I regret it everyday.  I miss my friends, the life, everything.


----------



## Hgrant (18 Feb 2005)

I don't know about you guys.......but i want to get out bad. This military isn't a military. I know I'm making everyone mad by saying this, but it is a glorified welfare. I'm leaving to join the US Marines and i have never been happier with my life. I want occupational experience and i can not get it in this military. all this military promotes is Drinking and having a good time. I joined to be a soldier and its to bad i have to change my citizenship to do it.


----------



## ZipperHead (18 Feb 2005)

Hgrant, as you haven't filled out your profile to any real degree, could you please give us a little info on what your trade is, where you are posted, etc. 

I'd like to know why "this military isn't a military". What kind of experiences have you had to justify this condemnation? I know I have had my fair share of good times whilst drinking, but those days are long gone (where the drinking is front and center). The 2 beer per day in the field and (sometimes) while deployed has been around for a LOOONNNNGGGGG time now, and "smokers" are fairly rare. I would say that the drinking has dropped off dramatically in the 17 years I have been in.

Have a good one in the Corps.

Al


----------



## Hgrant (18 Feb 2005)

I'm sorry i would like to keep my profile to a min. as i do not want to get jacked for my messages here. as for my "military isn't a military". I have worked my ass off in this military only to be told that training is not an option because i am the only one there for cleaning stations. When a military is far more concerned with cleanliness then knowing your job, in my eyes it becomes less a military and more a placewhere i get payed lots of money to be a janitor. I'm sorry to all those people that work there ass off and my anger is directed to those that make this military a joke when it could be world class


----------



## Bruce Monkhouse (19 Feb 2005)

I'm sorry I must have misread, was that " I'm sorry I would like to keep my profile to a min. as I am a pathetic poser who has no idea what I'm posting here for?
....oops sorry, I must have hit the "clean up the BS button again"
...hey KevinB, wheres that flag of yours?


----------



## Hgrant (19 Feb 2005)

hahahahaha.....whatever dude. you are entitled to your opinion as am i. First of all i don't know how to change my profile, and second if i did i wouldn't because i don't want my bosses to here me bitch. And you should stick to the subject instead of trying to insult people that are only trying to discuss the topics that are posted.


----------



## TCBF (19 Feb 2005)

ValkXB70, what was your CFLRS crse serial in 1997?
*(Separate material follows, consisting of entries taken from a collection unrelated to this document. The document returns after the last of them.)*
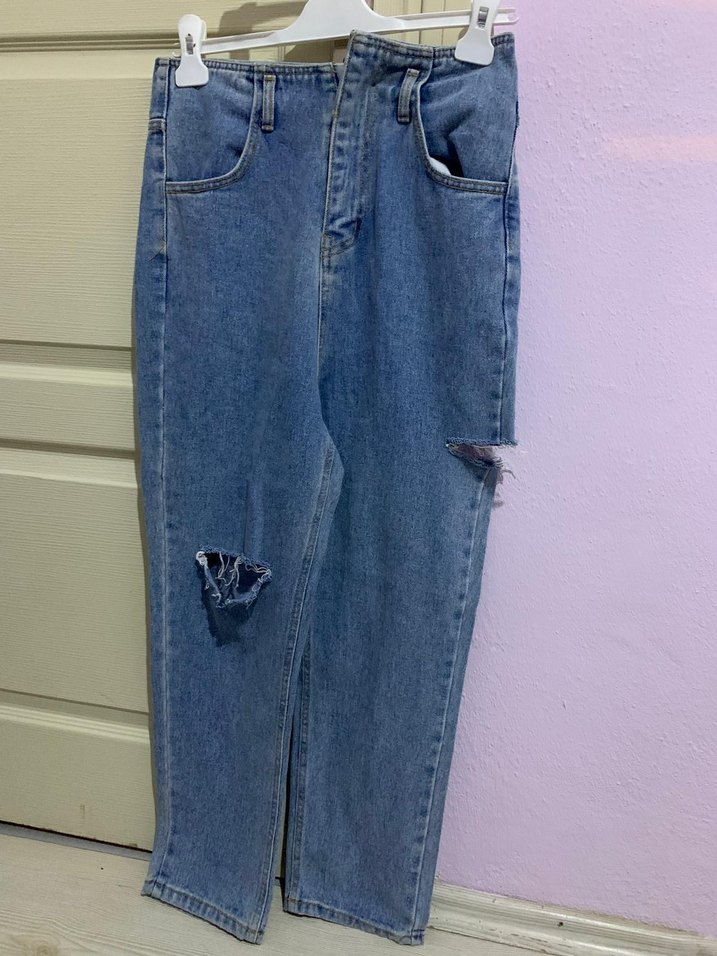 Yırtık detaylı, bol kesim pastel mavi kadın kot pantolon. Midi boy ve desensiz, günlük kullanıma uygun rahat bir model.
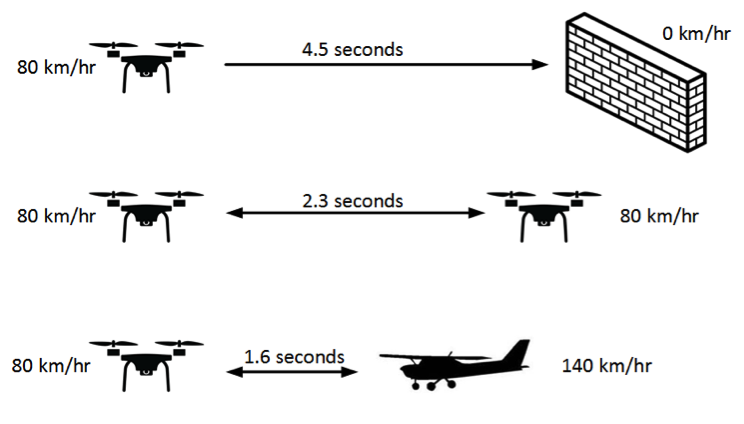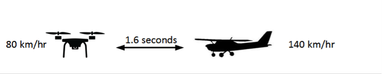 An example will help explain the math. The closure velocity is the addition of the speeds of each aircraft. If a UAV is traveling at 80 km/hr (50 m/hr) and a manned plane, such as a Cessna 172, is traveling at 140 km/hr (87 m/hr) then the closure velocity is 220 km/hr (137 m/hr).
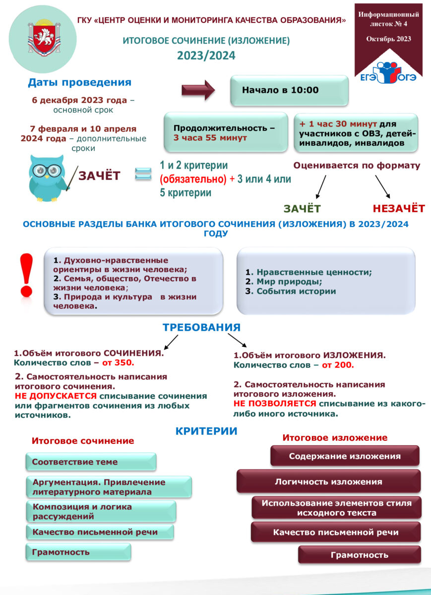 Порядок проведения итогового сочинения (изложения)
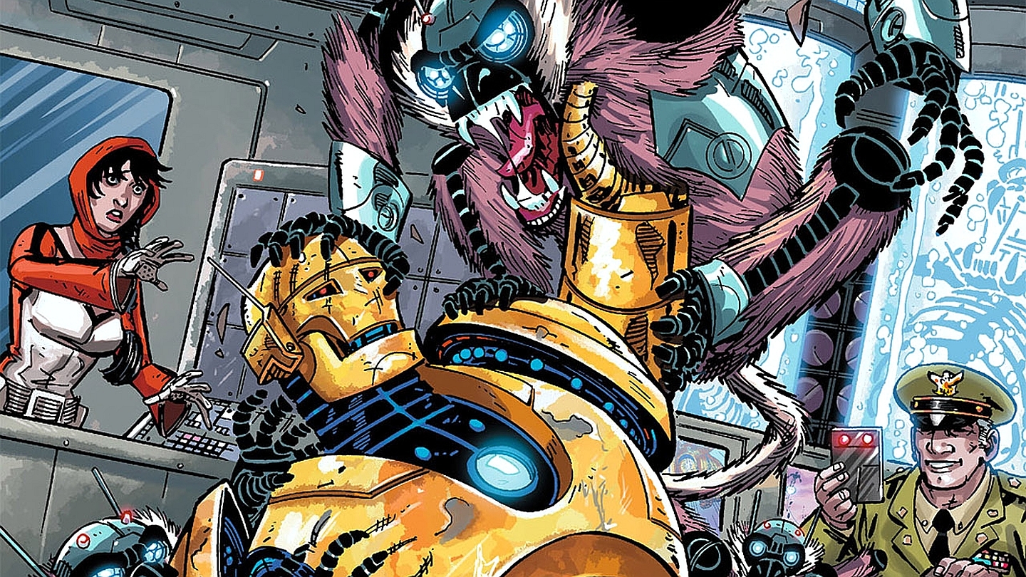 Description: A cartoon of a robot and a man in a space station with other people around him and a robot in the background.
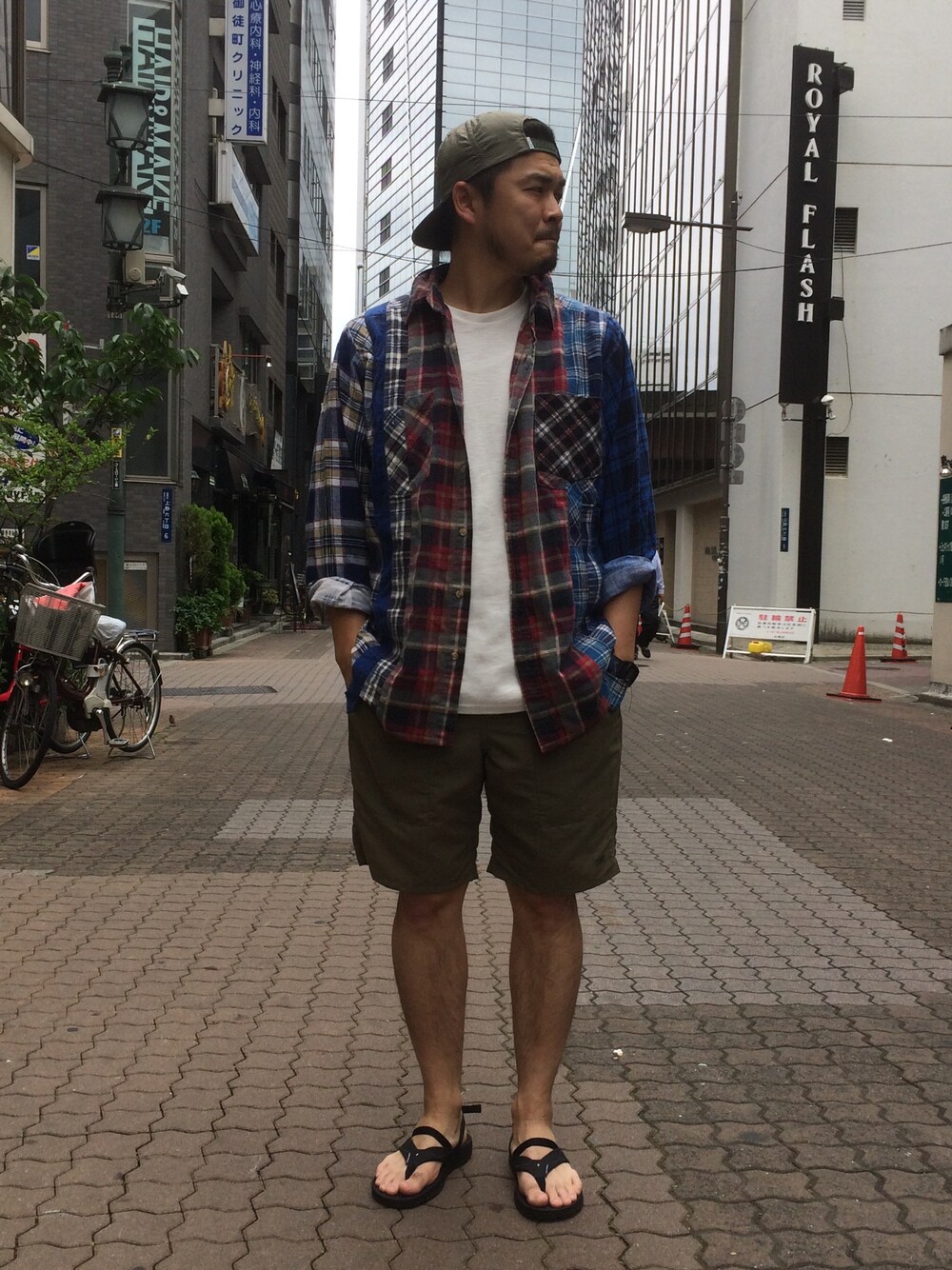 ちょっと肌寒い時は短パンビーサンネルシャツで。雨降ってもへっちゃらだい。

Hgrant, are you finished your training, or one of the por souls who are waiting around for the green machine to free up some NCOs to teach a course?

Tom


----------



## PeterLT (19 Feb 2005)

> When a military is far more concerned with cleanliness then knowing your job, in my eyes it becomes less a military and more a placewhere i get payed lots of money to be a janitor.



I doubt you'll find that to be different in the USMC or any other military force. "Janitorial" stuff accomplishes many things beyond the obvious cleanliness. It instills a sense of responsibility to care for the surroundings you and your comrades share whether that be a barracks, a latrine, a trench or a crew served weapon. It promotes cohesiveness by sharing responsibility with others in your unit in accomplishing a task whether that task is walloping pots or being a member of a Fighting Patrol. And perhaps more importantly, it separates the team players from the cry babies. 'Nuff said.

Have fun in the Marines.

Peter


----------



## Hgrant (19 Feb 2005)

I never said that a clean ship isent a happy ship. All im saying is training and knowing your job should fair above everything. What good is a clean rifle if you dont know how to use it


----------



## ZipperHead (19 Feb 2005)

I'm thinking hgrant is here to make a bitch, slag anyone who questions him, and then slink off to whichever cave he crawled out of. Why a navy type (I'm assuming you're Navy, based on some of your comments: "clean ship", "stations")  would come to *ARMY.CA*  to whinge about his lot in life(wah, I have to clean!!!!) is beyond me, but is guess Navy.ca isn't up and running. Oh, could be because they are off doing training, or being deployed for the umpteenth time around the world. I guess he expects the Master Seamen and PO's to do all the cleaning, while he sits on his bunk, reading Soldier of Fortune, thinking about how much of a Rambo he could be.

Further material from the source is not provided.